Now open for all, let's get you puffin'

POST /v2/namespaces/:namespace/query

Query, filter, full-text search and vector search documents.

Latency

1M docs

Percentile

Latency

p50
16ms
p90
21ms
p99
33ms

A query retrieves documents in a single namespace, returning the ordered or highest-ranked documents that match the query's filters.

turbopuffer supports the following types of queries:

  • Vector search: find the documents closest to a query vector
  • Full-text search: find documents with the highest BM25 score, a classic text search algorithm that considers query term frequency and document length
  • Ordering by attributes: find all documents matching filters in order of an attribute
  • Lookups: find all documents matching filters when order isn't important
  • Aggregations: aggregate attribute values across all documents matching filters

Request

rank_by arrayrequired unless aggregate_by is set

How to rank the documents in the namespace. Supported ranking functions:

For hybrid search, you must do multiple queries (e.g. BM25 + vector) and combine the results client-side with e.g. reciprocal-rank fusion. We encourage users to write a strong query layer abstraction, as it's not uncommon to do several turbopuffer queries per user query. Soon turbopuffer will support multiple queries in the same request.

Vector example: ["vector", "ANN", [0.1, 0.2, 0.3, ..., 76.8]]

BM25: ["text", "BM25", "fox jumping"]

Order by attribute example: ["timestamp", "desc"]

BM25 with multiple, weighted fields:

["Sum", [
    ["Product", [2, ["title", "BM25", "fox jumping"]]],
    ["content", "BM25", "fox jumping"]
  ]
]

top_k numberrequired

Number of documents to return.

Maximum: 1200 (adjustable upon request)


filters arrayoptional

Exact filters for attributes to refine search results for.
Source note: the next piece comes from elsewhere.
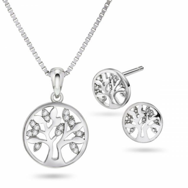 Smykkesett Livets tre i rhodinert sølv med zirkonia - 69546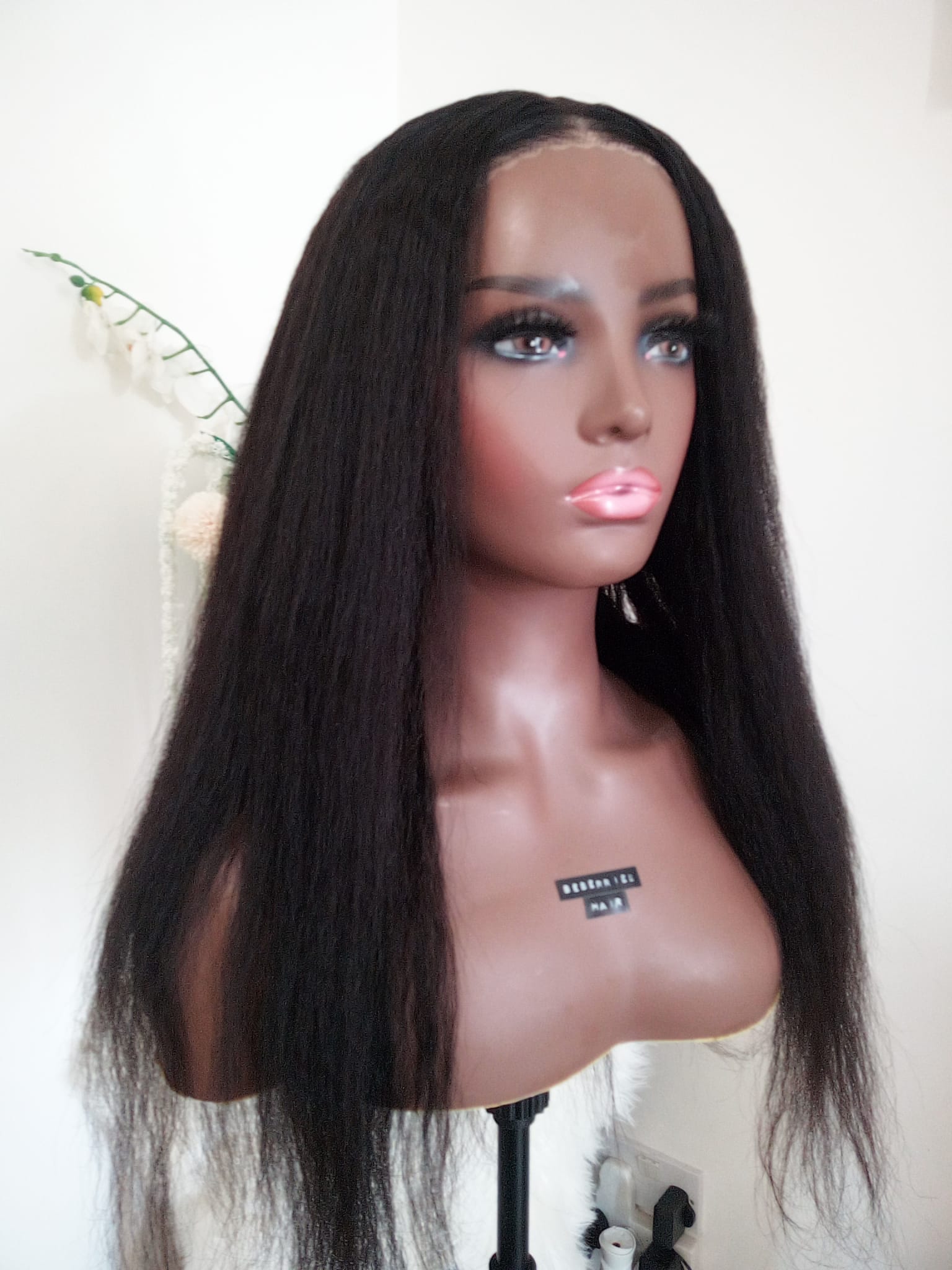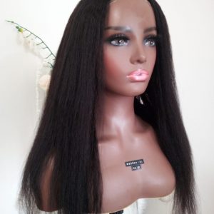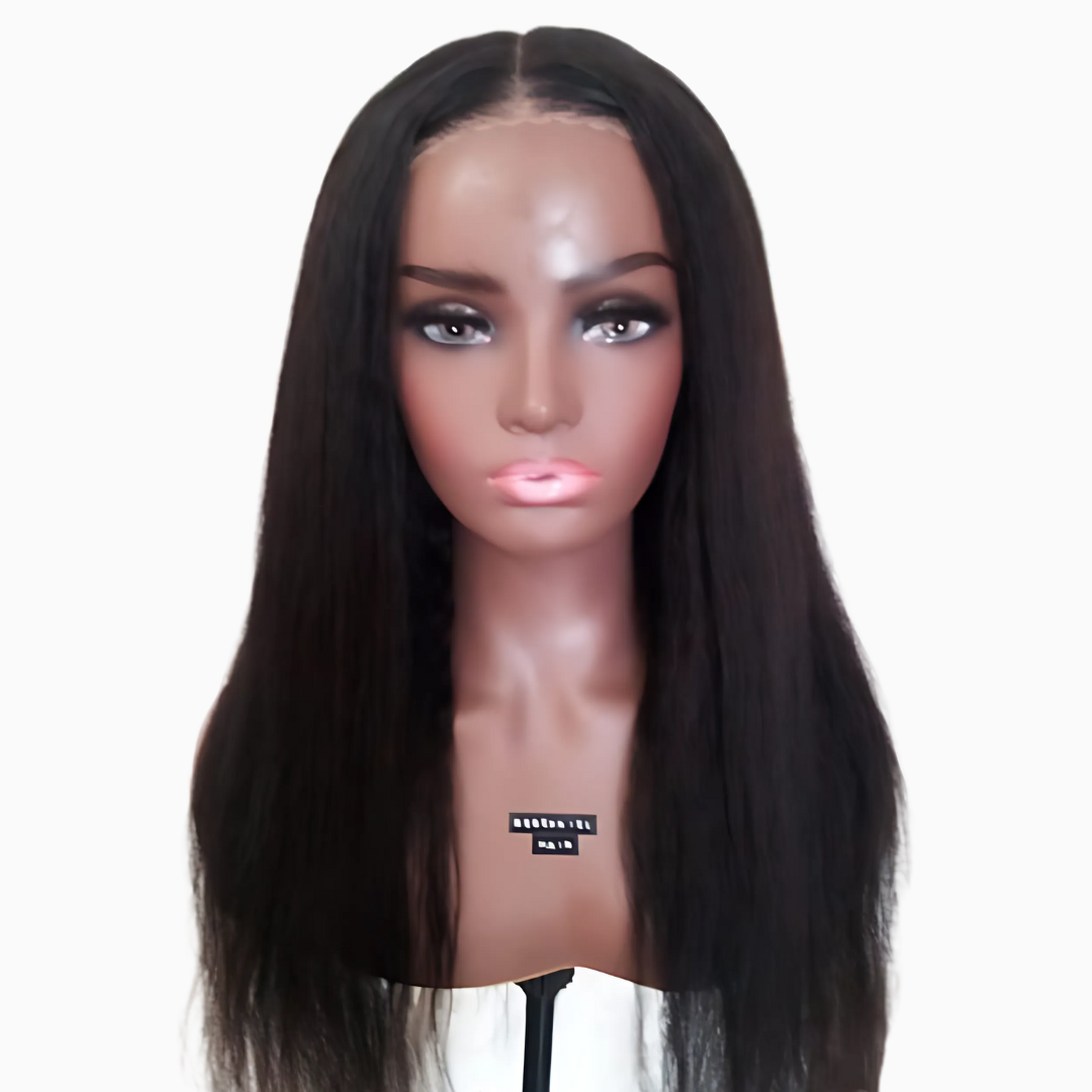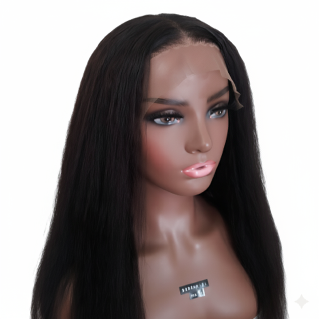 Wig – 22″ Glueless 5×4 Transparent Lace, Human Hair. Soft kinky straight texture with a natural hairline. 100% human hair, glueless fit, lightweight, and easy to style. Perfect for everyday elegance! This 22″ wig features a kinky straight pattern that blends volume and sleekness effortlessly. Crafted from 100% premium human hair, it offers a soft feel, durable quality, and a glueless 5×4 transparent lace for a flawless, natural hairline without adhesives.

Think of it as a SQL WHERE clause.

See Filtering Parameters below for details.

When combined with a vector, the query planner will automatically combine the attribute index and the approximate nearest neighbor index for best performance and recall. See our post on Native Filtering for details.

For the best performance, separate documents into namespaces instead of filtering where possible. See also Performance.

Example: ["And", [["id", "Gte", 1000], ["permissions", "In", ["3d7a7296-3d6a-4796-8fb0-f90406b1f621", "92ef7c95-a212-43a4-ae4e-0ebc96a65764"]]]]


include_attributes array[string] | booleandefault: id

List of attribute names to return in the response. Can be set to true to return all attributes. Return only the ones you need for best performance.


aggregate_by objectrequired unless rank_by is set

Aggregations to compute over all documents in the namespace that match the filters.

Cannot be specified with rank_by, top_k, or include_attributes. We plan to lift these restrictions soon.

Each entry in the object maps a label for the aggregation to an aggregate function. Supported aggregate functions:

  • ["Count", "attr"]: counts the number of documents with a non-null value for the attr attribute. Limitation: currently only the id attribute is supported.

Example: {"my_count_of_ids": ["Count", "id"]}


vector_encoding stringdefault: float

The encoding to use for the vectors in the response. The supported encodings are float and base64.

If float, vectors are returned as arrays of numbers.

If base64, vectors are returned as base64-encoded strings representing the vectors serialized in little-endian float32 binary format.

This parameter has no effect if the vector attribute is not included in the response (see the include_attributes parameter).


consistency objectdefault: {'level': 'strong'}

Choose between strong and eventual read-after-write consistency.

  • Strong consistency (default): {"level": "strong"}
  • Eventual consistency: {"level": "eventual"}

Strong consistency requires a round-trip to object storage to fetch the latest writes before returning a query result, ensuring up-to-date data but adding latency. Eventual consistency removes this requirement, potentially reducing latency while causing stale reads in some cases. Benchmarking on a vector workload (768 dims, 1M docs, ~3GB) shows a p50 warm latency of 16 ms for strong consistency and 10 ms for eventual consistency.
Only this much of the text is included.